The AI security conversation at DEF CON has matured. This year’s focus moved beyond defining “AI red teaming” to making it repeatable, meaningful, and tied to real-world risk. Across the AI Village, OWASP tracks, and the AIxCC stage, speakers emphasized continuous evaluation loops, practical human-AI collaboration, and turning technical findings into policy and operational change.

For HackerOne, tracking these developments is critical to understanding where AI security is headed and translating those trends into actionable insights. To that end, DEF CON still remains one of the best places to see the field evolve in real time; spotting what’s working, where the gaps are, and which innovations will shape the next wave of tools and techniques driving our product strategy.

Below are my field notes and key takeaways from standout sessions at my fifth DEF CON, DC33.

CSET – AI Red Teaming as an Evaluation Process

AI Village – Jessica Ji & Evelyn Yee, CSET/Georgetown - Stanford

The CSET team reframed AI red teaming as one of two core AI evaluation methodologies, alongside benchmarking. As a refresher, AI benchmarks measure performance on fixed tasks; whereas AI red teaming probes behavior under adversarial conditions.

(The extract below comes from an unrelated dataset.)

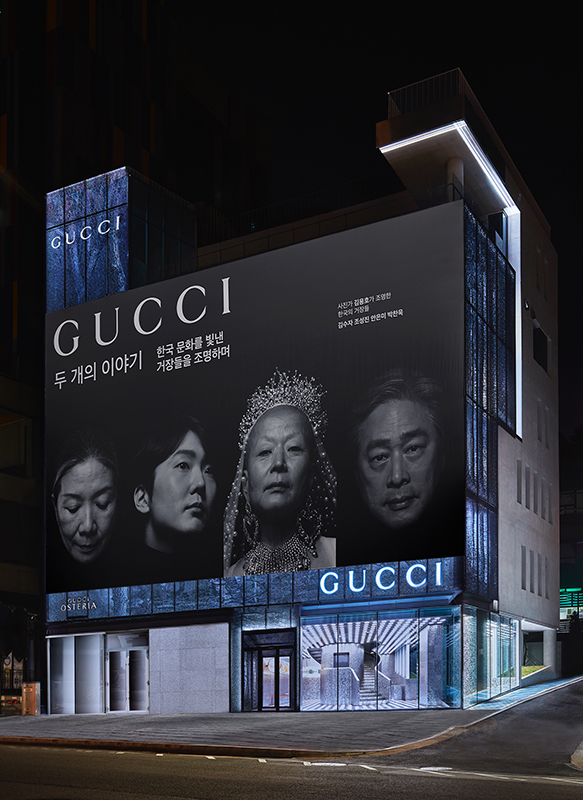 예술과 패션이 만나는 순간! 구찌가 사진전 를 통해 한국 예술 거장들을 새로운 시선으로 담아냈다. 10월 29일까지 파운드리 서울에서 열리는 사진전은 한국 문화에 경의를 표하는 ‘구찌 문화의 달Gucci Cultural Month’ 프로젝트의 일환으로 기획됐다. 사진가 김용호는 자신만의 시선으로 개념 미술가 김수자, 영화감독 박찬욱, 현대 무용가 안은미, 피아니스트 조성진 등 한국 예술을 대표하는 거장들을 탐구한다. 구찌는 이번 프로젝트를 통해 한국 예술계의 거장들이 작품을 통해 어떻게 세상과 소통하고 그들의 정체성을 표현하는지 조명했다. 또한, 전시의 오프닝에는 박규영, 뉴진스 하니, 박재범, 김희애, 이정재 등 다양한 아티스트가 참석해 이 예술의 장을 빛냈다. 이번 전시에서는 인물의 얼굴을 가까이에서 들여다본 초상과 그들의 작업 세계를 반영한 이미지를 병치하여, 인물과 사진의 상호작용을 하나의 작품으로 표현했다. 구찌는 이러한 사진가 김용호의 ‘딥틱Diptych’ 기법을 통해 한국 예술계 거장들을 독창적인 정체성을 해석하는 장을 마련했으며, 단순히 인물의 외형을 포착하는 것을 넘어 거장의 내면적 주제 의식과 철학적 사유를 드러내고자 했다. 특히 이번 사진전은 박찬욱 감독의 실제 메모가 담긴 수첩이나 개인 소장품을 활용한 작품부터 피아니스트 조성진의 무대 밖 모습을 다큐멘터리적 시선으로 담아낸 작품까지, 한국을 대표하는 예술가들의 사적인 모습을 세밀하게 보여줬다. 관람객은 이러한 작품에서 예술가의 이면을 발견함으로써 각 거장의 창작 세계에 깊이 빠져들 수 있었다.

Their “design decisions” framework, covering threat models, tester expertise, tooling, and access, showed why two red teams can share a name but deliver completely different results.

A Broad Menu of Design Options

Category

Examples

Threat model

  • Risks
  • Actors being emulated
  • Scope

Testers

  • Expertise levels
  • Number of testers
  • Access levels

Resources

  • Time spent testing
  • Financial cost
  • Compute cost

Target system

  • Version
  • Guardrails
  • Release stage

Metrics

  • Success criteria
  • Summary statistics

Methods

  • Manual vs. automated
  • Use of AI

Tooling

  • Framework or eval harness

The policy emphasis in their presentation was strong: without transparent, interoperable reporting, results risk becoming siloed anecdotes rather than governance inputs. CSET positioned common vocabulary, frameworks, and reporting standards to be critical to creating a “virtuous cycle” that improves AI evaluations and informs policy, acquisition, and deployment decisions.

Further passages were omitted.